What you are asked to do: Read the records beneath this task and copy every line that contains the string "hand".

(Extracted data entries)
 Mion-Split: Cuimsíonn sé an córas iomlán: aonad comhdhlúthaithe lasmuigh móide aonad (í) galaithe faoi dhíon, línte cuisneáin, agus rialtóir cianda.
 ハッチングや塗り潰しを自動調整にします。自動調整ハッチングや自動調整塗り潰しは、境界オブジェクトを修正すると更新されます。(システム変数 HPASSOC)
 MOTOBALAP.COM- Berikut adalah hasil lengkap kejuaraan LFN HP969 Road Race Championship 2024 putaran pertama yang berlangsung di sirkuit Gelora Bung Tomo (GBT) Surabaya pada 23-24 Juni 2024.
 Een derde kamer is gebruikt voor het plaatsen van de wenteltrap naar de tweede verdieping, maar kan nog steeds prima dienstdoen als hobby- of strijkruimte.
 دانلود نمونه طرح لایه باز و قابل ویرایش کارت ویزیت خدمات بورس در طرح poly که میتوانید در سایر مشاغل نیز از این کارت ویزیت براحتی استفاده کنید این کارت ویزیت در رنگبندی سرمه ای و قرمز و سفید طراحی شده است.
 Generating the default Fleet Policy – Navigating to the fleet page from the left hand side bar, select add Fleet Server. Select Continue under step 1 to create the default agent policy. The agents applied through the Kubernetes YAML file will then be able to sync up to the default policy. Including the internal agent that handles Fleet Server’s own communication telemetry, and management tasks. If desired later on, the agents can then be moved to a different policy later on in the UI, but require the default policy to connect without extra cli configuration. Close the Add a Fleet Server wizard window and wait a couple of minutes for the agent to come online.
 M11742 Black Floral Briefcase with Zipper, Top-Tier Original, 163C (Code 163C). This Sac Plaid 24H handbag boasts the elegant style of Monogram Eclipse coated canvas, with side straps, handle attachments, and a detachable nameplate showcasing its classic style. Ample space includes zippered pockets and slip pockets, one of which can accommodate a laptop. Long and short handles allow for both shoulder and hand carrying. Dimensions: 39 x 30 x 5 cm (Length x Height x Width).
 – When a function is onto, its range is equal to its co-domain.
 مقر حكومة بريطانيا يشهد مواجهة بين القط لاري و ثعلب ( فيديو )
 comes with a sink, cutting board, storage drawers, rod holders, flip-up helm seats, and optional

Result for this exercise:
 Generating the default Fleet Policy – Navigating to the fleet page from the left hand side bar, select add Fleet Server. Select Continue under step 1 to create the default agent policy. The agents applied through the Kubernetes YAML file will then be able to sync up to the default policy. Including the internal agent that handles Fleet Server’s own communication telemetry, and management tasks. If desired later on, the agents can then be moved to a different policy later on in the UI, but require the default policy to connect without extra cli configuration. Close the Add a Fleet Server wizard window and wait a couple of minutes for the agent to come online.
 M11742 Black Floral Briefcase with Zipper, Top-Tier Original, 163C (Code 163C). This Sac Plaid 24H handbag boasts the elegant style of Monogram Eclipse coated canvas, with side straps, handle attachments, and a detachable nameplate showcasing its classic style. Ample space includes zippered pockets and slip pockets, one of which can accommodate a laptop. Long and short handles allow for both shoulder and hand carrying. Dimensions: 39 x 30 x 5 cm (Length x Height x Width).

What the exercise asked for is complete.